Le soir du 9 novembre 1989, un symbole de la Guerre froide et de l’oppression des peuples du bloc soviétique s’effondre : à Berlin, alors que des manifestations font convulser le régime est-allemand, la population s’attaque au mur érigé en août 1961 et le détruit. Les scènes de liesse et de fraternisation entre populations de Berlin-Ouest et de Berlin-Est font le tour du monde, annonciatrices de l’écroulement du bloc soviétique et de la fin de la Guerre froide.
La chute du Mur de Berlin est le symbole, en actes, de la fin d’un siècle, ouvert en 1917 par la révolution russe et la prise du pouvoir par les Bolcheviks durant la Première Guerre mondiale, toile de fond de la naissance du « court 20e siècle » étudié par l’historien britannique Eric Hobsbawm dans son magistral l’Âge des extrêmes1. Pour Hobsbawm, « le monde qui s’est morcelé à la fin des annnés 1980 était le monde façonné par l’impact de la Révolution russe de 1917. Nous en avons tous été marqués, par exemple, pour autant que nous ayons pris l’habitude de penser l’économie industrielle moderne en termes de pôles opposés, le "capitalisme" et le "socialisme" comme des systèmes inconciliables, l’un étant identifié aux économies organisées sur le modèle de l’URSS, l’autre au reste du monde. »

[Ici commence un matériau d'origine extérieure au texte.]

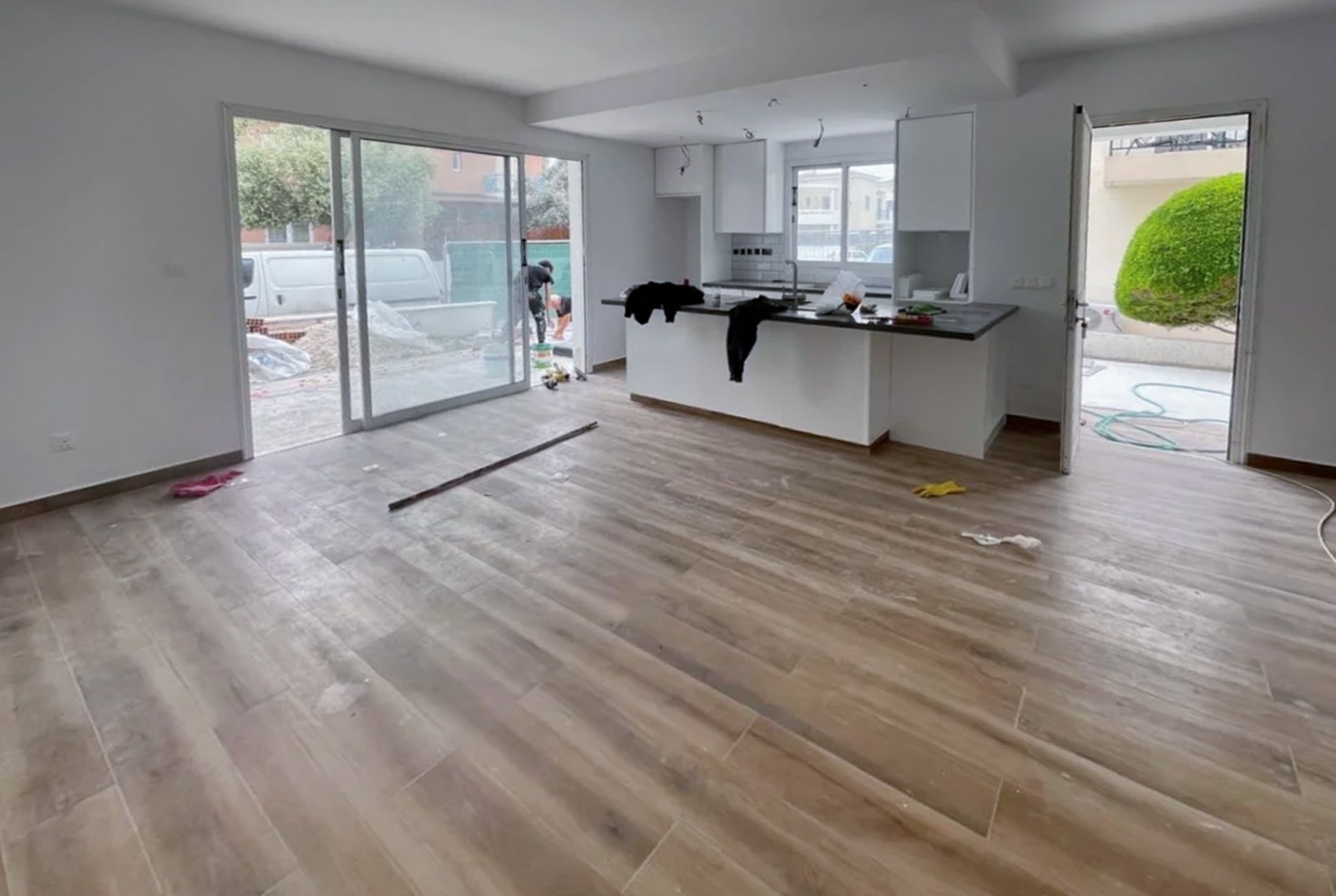 This two-bedroom one bathroom ground-floor corner apartment is located in the sought-after Universal area of Kato Paphos, within a private development of just six residences. Fully renovated to a high standard, the property will be ready by the end of April 2026, offering a modern and comfortable living space. The apartment features a spacious open-plan living area with a contemporary kitchen fitted with white goods and a central island. Large doors from the living room open onto a good-sized veranda, providing an ideal space for outdoor relaxation. Brand-new air conditioning units are installed in all rooms.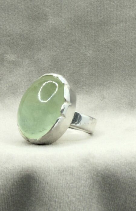 Sargen i fattningen är lätt hamrad, samma vinklar som i stenens slipning som har strålformade fasetter på undersidan. Som ljusgrönt vatten mot vit sandbotten.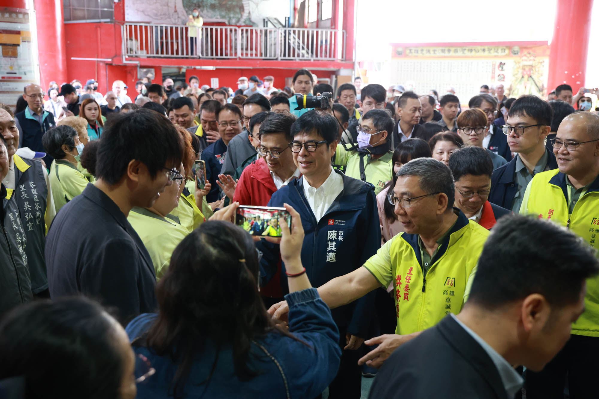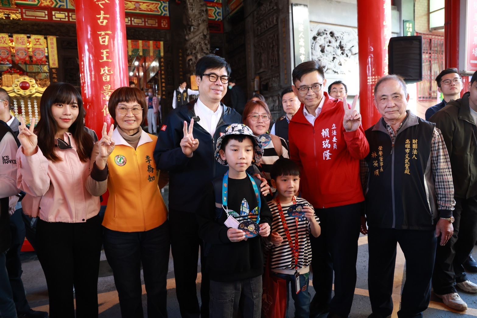 【高雄訊】農曆春節將至,高雄市長陳其邁今(7)日上午展開馬年走春祈福行程,自鹽埕文武聖殿起跑參香,接連走訪前金萬興宮、苓雅意誠堂,下午則前進武廟市場拜年,除了向眾神祈求國泰民安、風調雨順,並發送超人力霸王開運紅包,親手將新年祝福傳遞給市民朋友,祝賀鄉親「馬上幸福」、「馬上成功」,小朋友也熱情帶著超人力霸王公仔前來合照。

En effet, si l’immense espoir suscité par la Révolution d’octobre avait depuis bien longtemps été anéanti par la contre-révolution bureaucratique du Thermidor stalinien, l’existence d’un « autre » face au système capitaliste demeurait une clé de compréhension du monde. La chute du Mur ne fut pas un coup de tonnerre dans un ciel serein, mais elle précipita l’effondrement de l’URSS et de l’ensemble du bloc soviétique. Certains proclamèrent alors la « fin de l’histoire », pronostiquant le triomphe absolu, et définitif, du capitalisme néolibéral. 30 ans après, au regard des crises à répétition du capitalisme et de l’instabilité du système, force est de constater que ces prophètes ont eu tort et que l’idée d’un « autre monde possible », sinon nécessaire, a survécu. 30 ans après, retour sur cet événement, ses racines, sa signification et sa portée, sans nostalgie aucune, mais sans résignation.
Julien Salingue
- 1. Eric Hobsbawm, l’Âge des extrêmes, histoire du court 20e siècle, coédition le Monde diplomatique - Éditions Complexe, 1999.